_TASK REQUIREMENTS:_ Your answer should be the lines below from the one with "Flugzeuge Zivil Air" to the one with "PHOTO: A large", both included, given again exactly and with nothing added.

_MATERIAL FOR THE TASK:_
========================

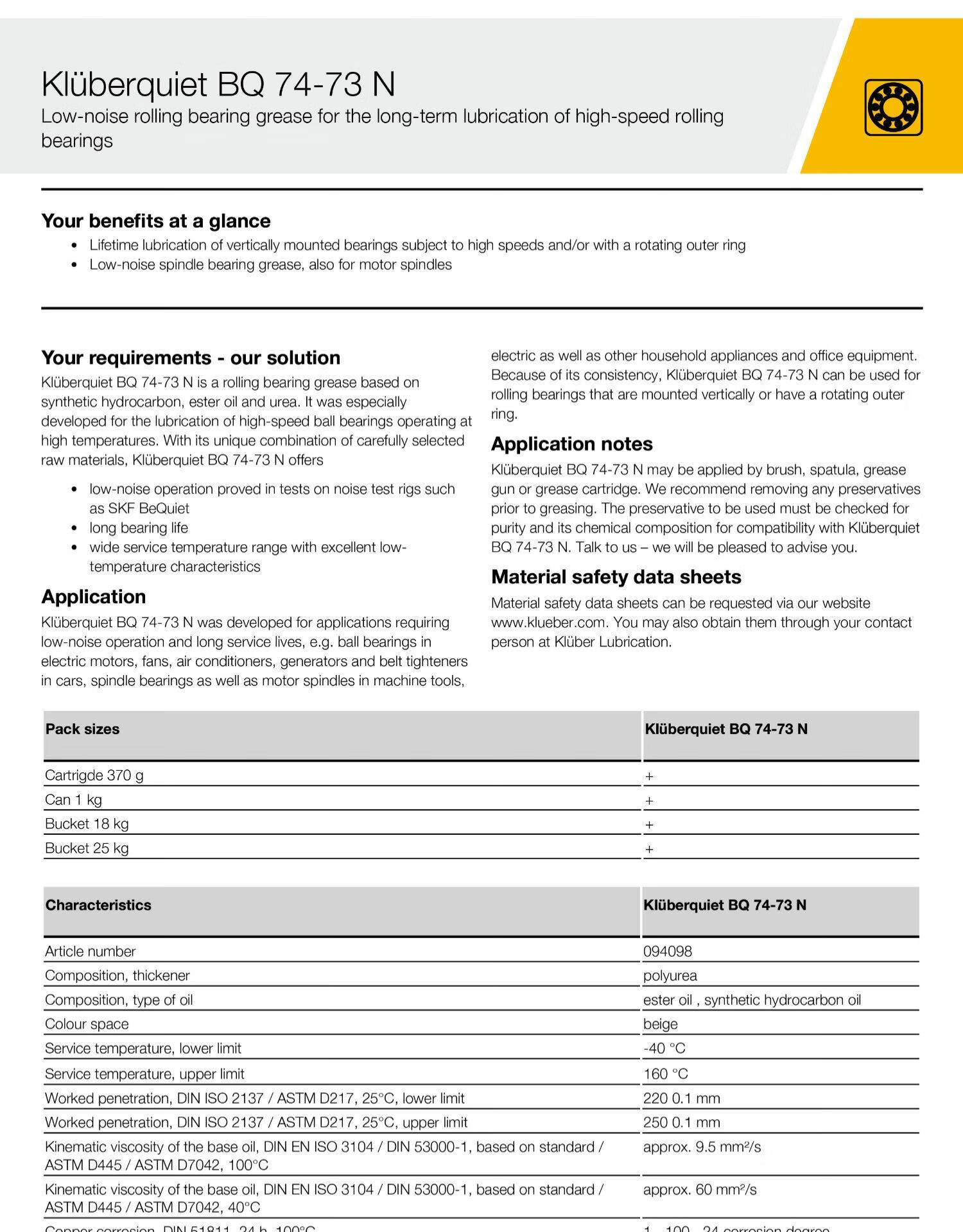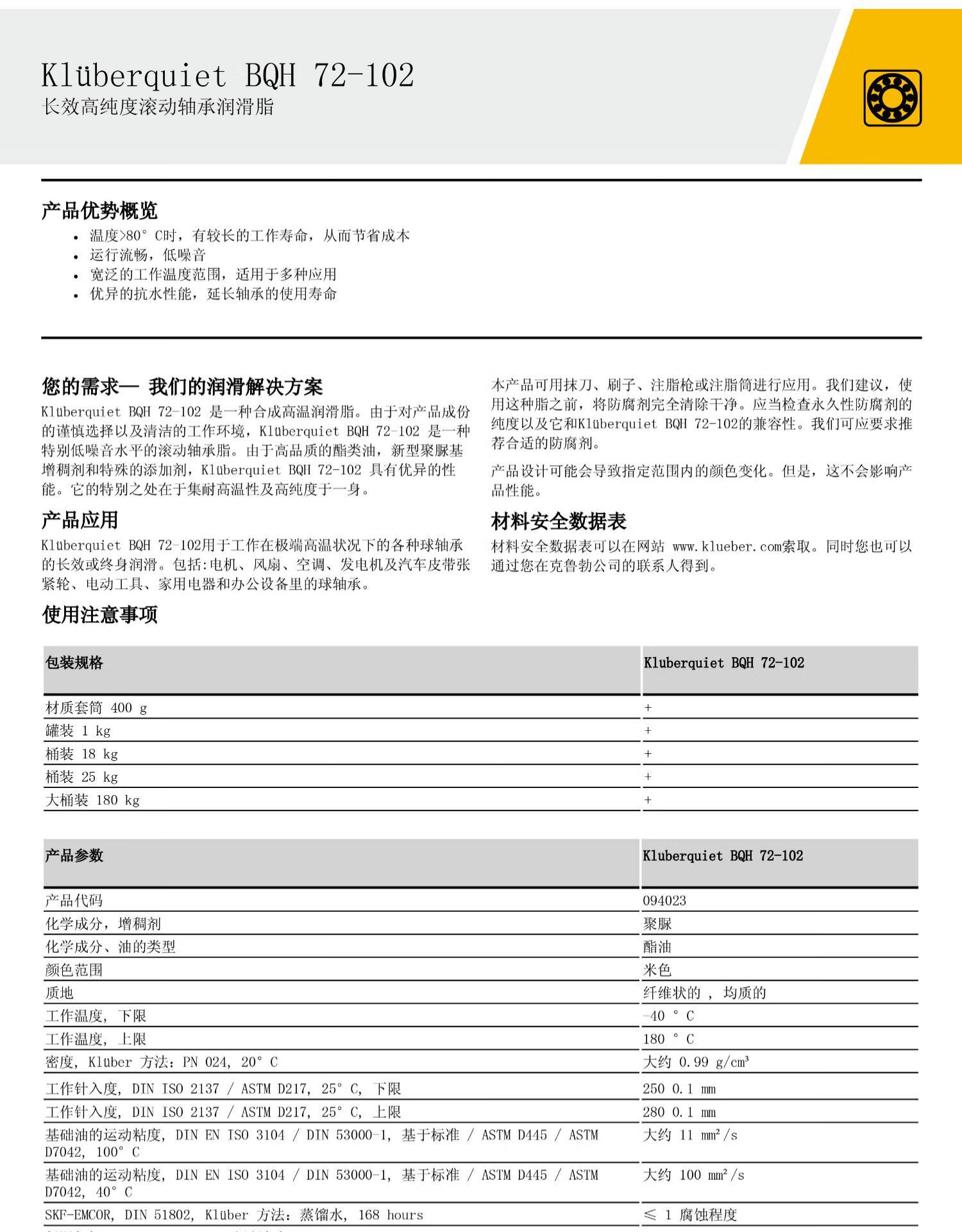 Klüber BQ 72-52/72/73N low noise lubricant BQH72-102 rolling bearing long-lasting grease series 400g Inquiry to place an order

========================

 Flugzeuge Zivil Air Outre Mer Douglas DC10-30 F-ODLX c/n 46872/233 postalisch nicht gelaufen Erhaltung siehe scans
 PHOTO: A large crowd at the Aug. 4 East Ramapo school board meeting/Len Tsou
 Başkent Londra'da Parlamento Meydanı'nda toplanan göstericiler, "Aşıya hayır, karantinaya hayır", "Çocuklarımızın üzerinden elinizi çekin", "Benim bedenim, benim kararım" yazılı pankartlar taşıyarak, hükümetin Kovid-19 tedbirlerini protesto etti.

========================

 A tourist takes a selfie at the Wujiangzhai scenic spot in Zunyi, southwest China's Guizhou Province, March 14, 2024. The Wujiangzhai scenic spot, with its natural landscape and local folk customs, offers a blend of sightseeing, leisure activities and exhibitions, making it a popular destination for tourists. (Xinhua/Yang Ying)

========================

_YOUR RESPONSE:_
 Flugzeuge Zivil Air Outre Mer Douglas DC10-30 F-ODLX c/n 46872/233 postalisch nicht gelaufen Erhaltung siehe scans
 PHOTO: A large crowd at the Aug. 4 East Ramapo school board meeting/Len Tsou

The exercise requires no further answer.